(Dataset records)
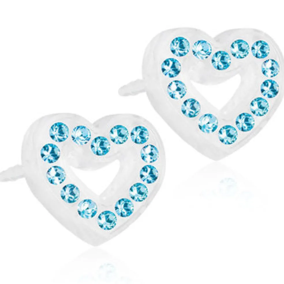 Hudvänliga örhängen i plast med blå kristaller på från Blomdahl Medical.
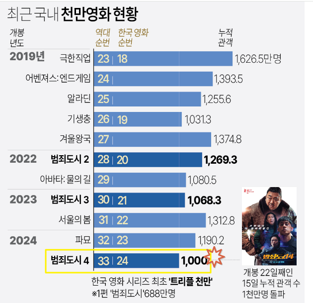 지금까지 국내 개봉작 중 세 편의 천만 영화를 낸 시리즈는 할리우드 영화 '어벤져스' 시리즈가 유일했다. 한국 영화로는 '범죄도시' 시리즈가 첫 사례다.
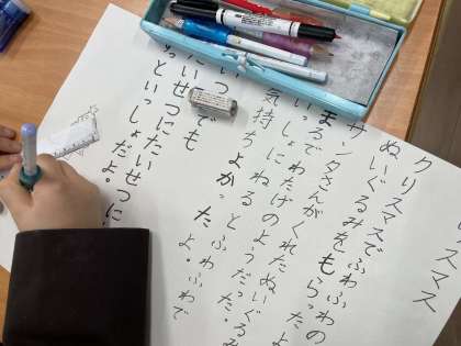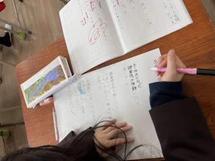 国語の学習の様子です。詩を自分で書いています。冬休みなどの出来事で心に残ったことを自分なりの言葉で詩に表しました。
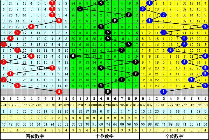 组选分析:在0-9的组选分布图中,最近10期0-2区段开出9个号码,3-6区段开出10个号码,7-9区段开出11个号码,上期各区段分别开出1个奖号,本期看好中后部号码热出,防0-2区段走冷轮空。
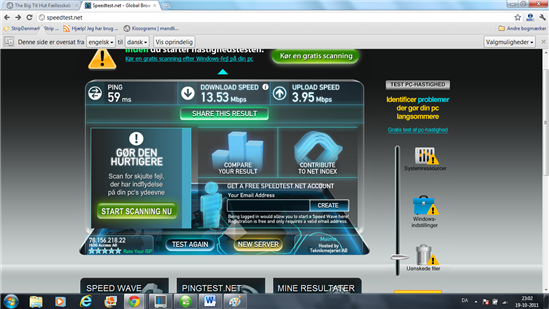 Hejsa, Jeg har store problemer med netværket på 3. Det har aldrig været så dårligt som nu. Det er næsten umuligt at se en Youtube video, og download og upload er meget ringe. Ligeså oplever jeg oftere og oftere der ikke er nogen tele forbindelse. Jeg har været 3 kunde i nu 2 år - men jeg syntes de sidste 6 md er blevet ringere og ringere. Jeg holder til i Helsingør og Espergærde, men har også problemer i København. 3 skriver de har opdateret deres net til 32mb i mit område, men det kan jeg absolut ikke mærke. Er her andre som har disse problemer? Jeg overvejer at skifte til Telia eller TDC som nu har fået 4G- er her nogen som har erfaring med dette? Her er billeder af test resultaterne: speedtest.net 3's egen test:
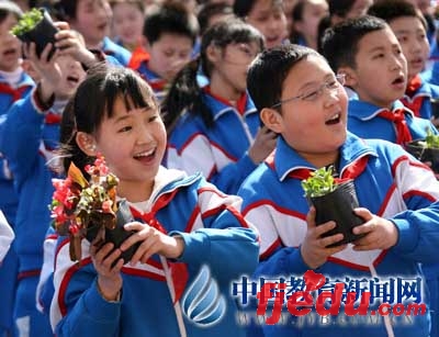 资料图片:“朵朵鲜花,颗颗心那,献给朋友,献给世界,献给太阳……”歌声在北京丰台区第五小学校园里由学生们传唱着。3月26日,在北京2008年奥运会倒计时500天到来之际,该校举行了“我为奥运献盆花”活动启动仪式。活动中,师生踊跃领取由北京园林科学研究所赠送的“奥运花卉”,教师将把培育花苗与课堂学习结合起来,组织学生观察花苗成长经过,丰富科学知识,以实际行动践行“绿色奥运”。(记者 樊世钢 摄)

**Problem requirements:** From the data above, return only the lines starting at the line that holds "国語の学習の様子です。詩を自" and ending at the line that holds "组选分析:在0-9的组选分布", word for word and without pictures.

**Answer to this problem:**
 国語の学習の様子です。詩を自分で書いています。冬休みなどの出来事で心に残ったことを自分なりの言葉で詩に表しました。
 组选分析:在0-9的组选分布图中,最近10期0-2区段开出9个号码,3-6区段开出10个号码,7-9区段开出11个号码,上期各区段分别开出1个奖号,本期看好中后部号码热出,防0-2区段走冷轮空。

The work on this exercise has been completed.